_WHAT TO DO_. Drop all images. Then write out each line below exactly as given.

_THE DATA_.
• • •
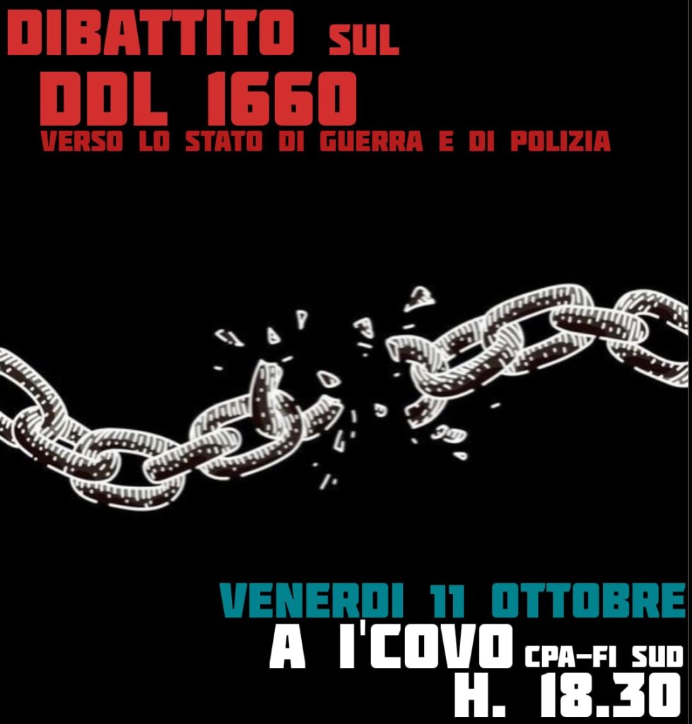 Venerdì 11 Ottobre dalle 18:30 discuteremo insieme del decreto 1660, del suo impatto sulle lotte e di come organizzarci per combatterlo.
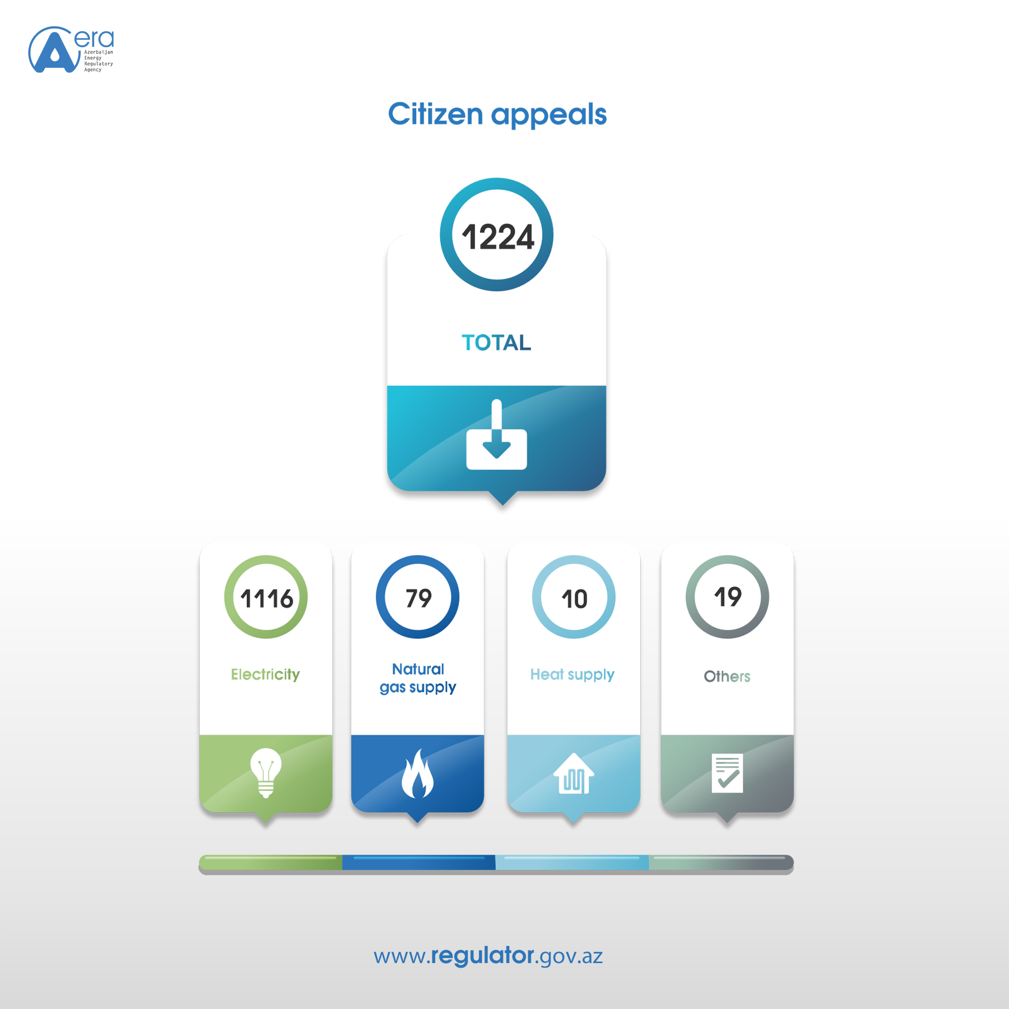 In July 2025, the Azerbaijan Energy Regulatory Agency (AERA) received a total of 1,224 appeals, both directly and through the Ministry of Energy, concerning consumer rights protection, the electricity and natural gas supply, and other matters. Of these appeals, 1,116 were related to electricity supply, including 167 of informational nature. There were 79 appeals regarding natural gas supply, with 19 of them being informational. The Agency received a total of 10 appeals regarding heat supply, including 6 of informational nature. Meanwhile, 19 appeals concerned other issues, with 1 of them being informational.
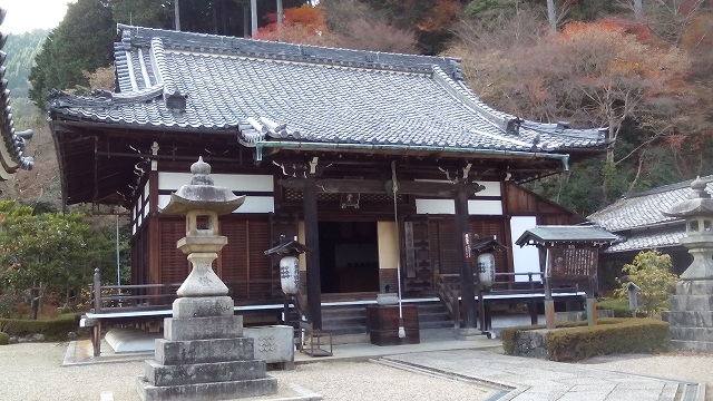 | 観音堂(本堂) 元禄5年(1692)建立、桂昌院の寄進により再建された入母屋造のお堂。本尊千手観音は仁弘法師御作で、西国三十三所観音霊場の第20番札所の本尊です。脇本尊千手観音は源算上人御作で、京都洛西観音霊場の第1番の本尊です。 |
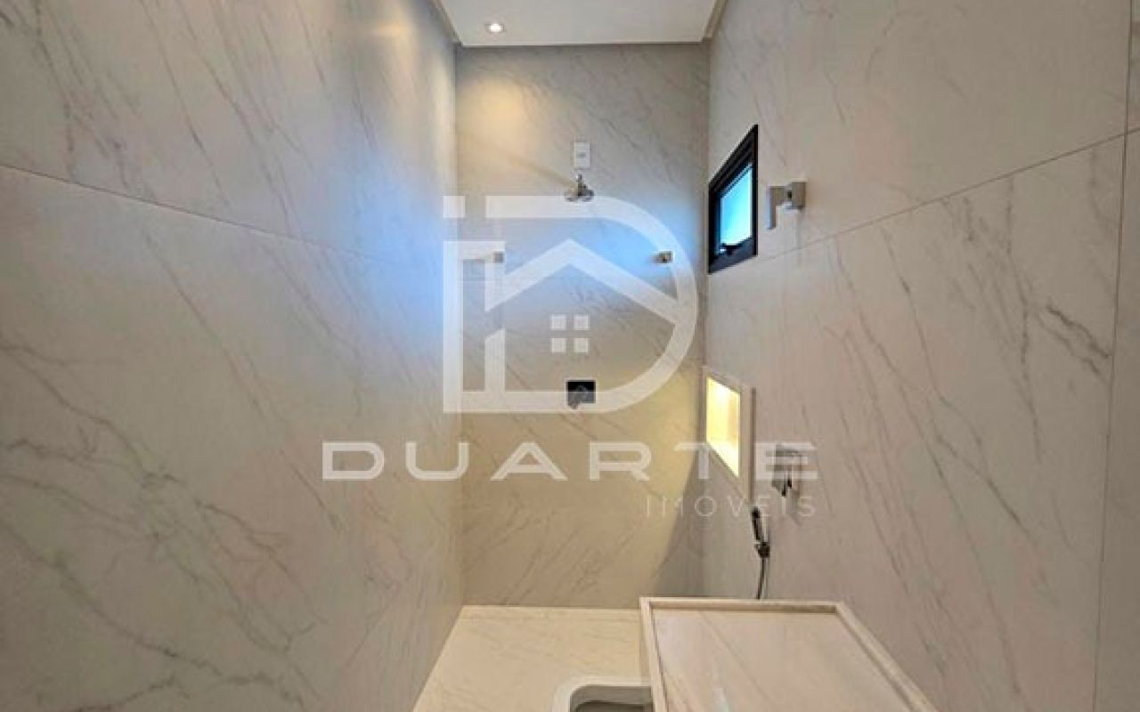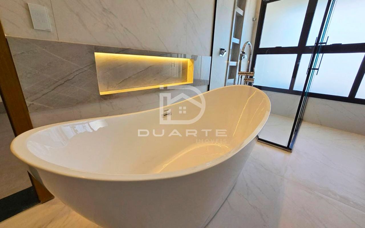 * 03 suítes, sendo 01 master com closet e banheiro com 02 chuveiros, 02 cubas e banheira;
• • •
_TASK OUTPUT_.
 Venerdì 11 Ottobre dalle 18:30 discuteremo insieme del decreto 1660, del suo impatto sulle lotte e di come organizzarci per combatterlo.
 In July 2025, the Azerbaijan Energy Regulatory Agency (AERA) received a total of 1,224 appeals, both directly and through the Ministry of Energy, concerning consumer rights protection, the electricity and natural gas supply, and other matters. Of these appeals, 1,116 were related to electricity supply, including 167 of informational nature. There were 79 appeals regarding natural gas supply, with 19 of them being informational. The Agency received a total of 10 appeals regarding heat supply, including 6 of informational nature. Meanwhile, 19 appeals concerned other issues, with 1 of them being informational.
 | 観音堂(本堂) 元禄5年(1692)建立、桂昌院の寄進により再建された入母屋造のお堂。本尊千手観音は仁弘法師御作で、西国三十三所観音霊場の第20番札所の本尊です。脇本尊千手観音は源算上人御作で、京都洛西観音霊場の第1番の本尊です。 |
 * 03 suítes, sendo 01 master com closet e banheiro com 02 chuveiros, 02 cubas e banheira;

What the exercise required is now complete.